日本ハリストス正教会のグレゴリー神父です。2019年から九州全域を担当しています。

受難週間の祈祷 & ウクライナ支援活動の進展

今週は復活祭前の1週間「受難週間」(Passion Week)です。読んで字のごとく、キリストの受難を記憶する期間であり、毎日祈祷を執り行っています。

月曜日から水曜日までは、それぞれ7つの祈祷(早課、一時課、三時課、六時課、九時課、晩課、先備聖体礼儀)を通しで行います。所要時間は4時間ほどです。

この三日間の祈祷の特徴は、四福音書(マタイ、マルコ、ルカ、ヨハネ)の全巻通読を行うことです。キリストの受難は単独で意味をなすものではなく、神の子が人間としてこの世に来られ、福音を宣べ伝え、十字架につけられ、三日目に復活したこと、つまりキリストのこの世での全生涯に意味があるので、それを聖書の朗読を通して振り返るのです。

もっとも全巻はあまりにも時間がかかり過ぎるので、日本正教会では慣習として、四福音書のうちの任意の一巻だけにしています。

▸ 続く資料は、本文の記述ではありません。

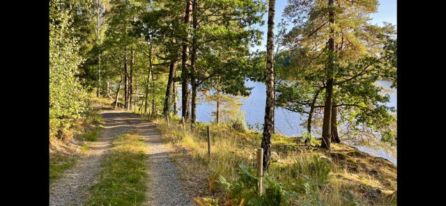 Vandring cirka 5 km, mestadels på grusvägar. Halvvägs stannar vi för att njuta av medhavd matsäck och utsikten mot Långdunkers Herrgård.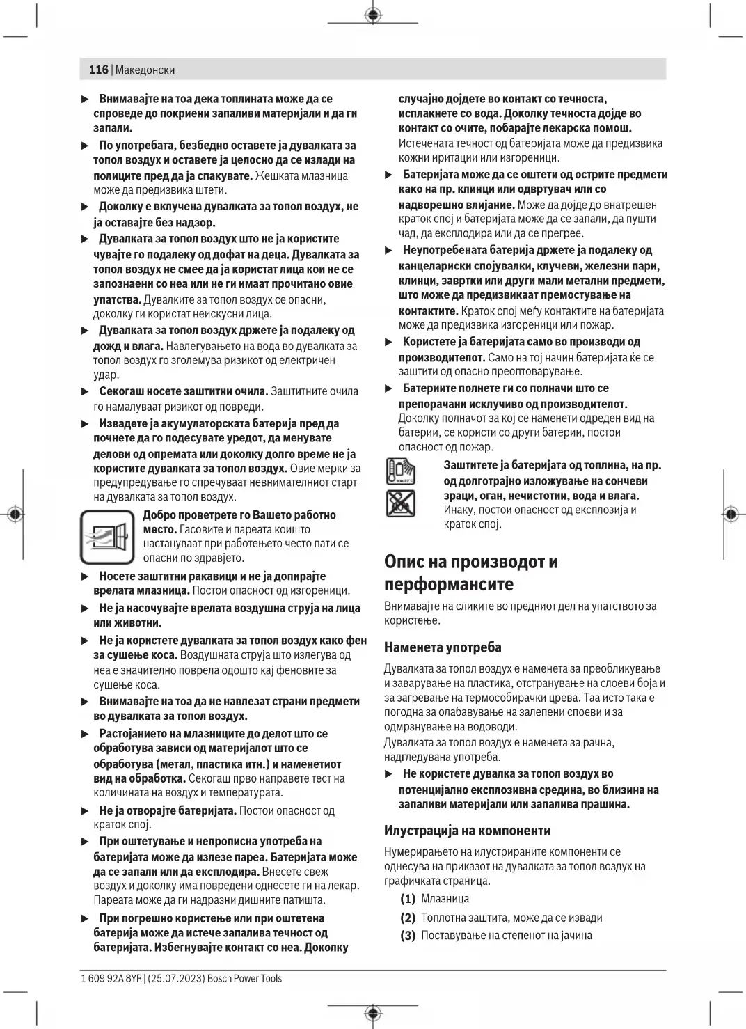 u Секогаш носете заштитни очила. Заштитните очила го намалуваат ризикот од повреди. u Извадете ја акумулаторската батерија пред да почнете да го подесувате уредот, да менувате делови од опремата или доколку долго време не ја користите дувалката за топол воздух. Овие мерки за предупредување го спречуваат невнимателниот старт на дувалката за топол воздух. Добро проветрете го Вашето работно место. Гасовите и пареата коишто настануваат при работењето често пати се опасни по здравјето. u Носете заштитни ракавици и не ја допирајте врелата млазница. Постои опасност од изгореници. u Не ја насочувајте врелата воздушна струја на лица или животни. u Не ја користете дувалката за топол воздух како фен за сушење коса. Воздушната струја што излегува од неа е значително поврела одошто кај феновите за сушење коса. u Внимавајте на тоа да не навлезат страни предмети во дувалката за топол воздух. u Растојанието на млазниците до делот што се обработува зависи од материјалот што се обработува (метал, пластика итн.) и наменетиот вид на обработка. Секогаш прво направете тест на количината на воздух и температурата. u Не ја отворајте батеријата. Постои опасност од краток спој. u При оштетување и непрописна употреба на батеријата може да излезе пареа. Батеријата може да се запали или да експлодира. Внесете свеж воздух и доколку има повредени однесете ги на лекар. Пареата може да ги надразни дишните патишта. u При погрешно користење или при оштетена батерија може да истече запалива течност од батеријата. Избегнувајте контакт со неа. Доколку случајно дојдете во контакт со течноста, исплакнете со вода. Доколку течноста дојде во контакт со очите, побарајте лекарска помош. Истечената течност од батеријата може да предизвика кожни иритации или изгореници. u Батеријата може да се оштети од острите предмети како на пр. клинци или одвртувач или со надворешно влијание. Може да дојде до внатрешен краток спој и батеријата може да се запали, да пушти чад, да експлодира или да се прегрее. u Неупотребената батерија држете ја подалеку од канцелариски спојувалки, клучеви, железни пари, клинци, завртки или други мали метални предмети, што може да предизвикаат премостување на контактите. Краток спој меѓу контактите на батеријата може да предизвика изгореници или пожар. u Користете ја батеријата само во производи од производителот. Само на тој начин батеријата ќе се заштити од опасно преоптоварување. u Батериите полнете ги со полначи што се препорачани исклучиво од производителот. Доколку полначот за кој се наменети одреден вид на батерии, се користи со други батерии, постои опасност од пожар. Заштитете ја батеријата од топлина, на пр. од долготрајно изложување на сончеви зраци, оган, нечистотии, вода и влага. Инаку, постои опасност од експлозија и краток спој. Опис на производот и перформансите Внимавајте на сликите во предниот дел на упатството за

今年はヨハネ伝を選びましたが、それだけでも読み応えがあります。しかし、聖書の一節だけでなく、全部を通して声に出して読み上げるというのは、日常のクリスチャンライフの中であまりやらないことだと思います。その意味では、受難週間の三日がかりの福音書通読は意義のあるメニューだなと思っています。

ヨハネによる福音書の通読

 

さて、九州の草の根でウクライナ支援に関わっている方たちと連携を進めていることは既に書きました。

 

frgregory.hatenablog.com

 

5月28日の熊本市での「お話会」は、熊本県立大学のご関係者がとても立派な案内チラシを作ってくださいました。

ウクライナについての「お話会」案内

私の方でもカラーコピーして教会報に同封し、今週末の復活祭の祈祷が終わったら発送することにしています。

来週発送予定の教会報を印刷

また、宮崎市の有志演奏家の音楽投稿サイト "Playing for Ukraine" では、演奏動画がアップされています。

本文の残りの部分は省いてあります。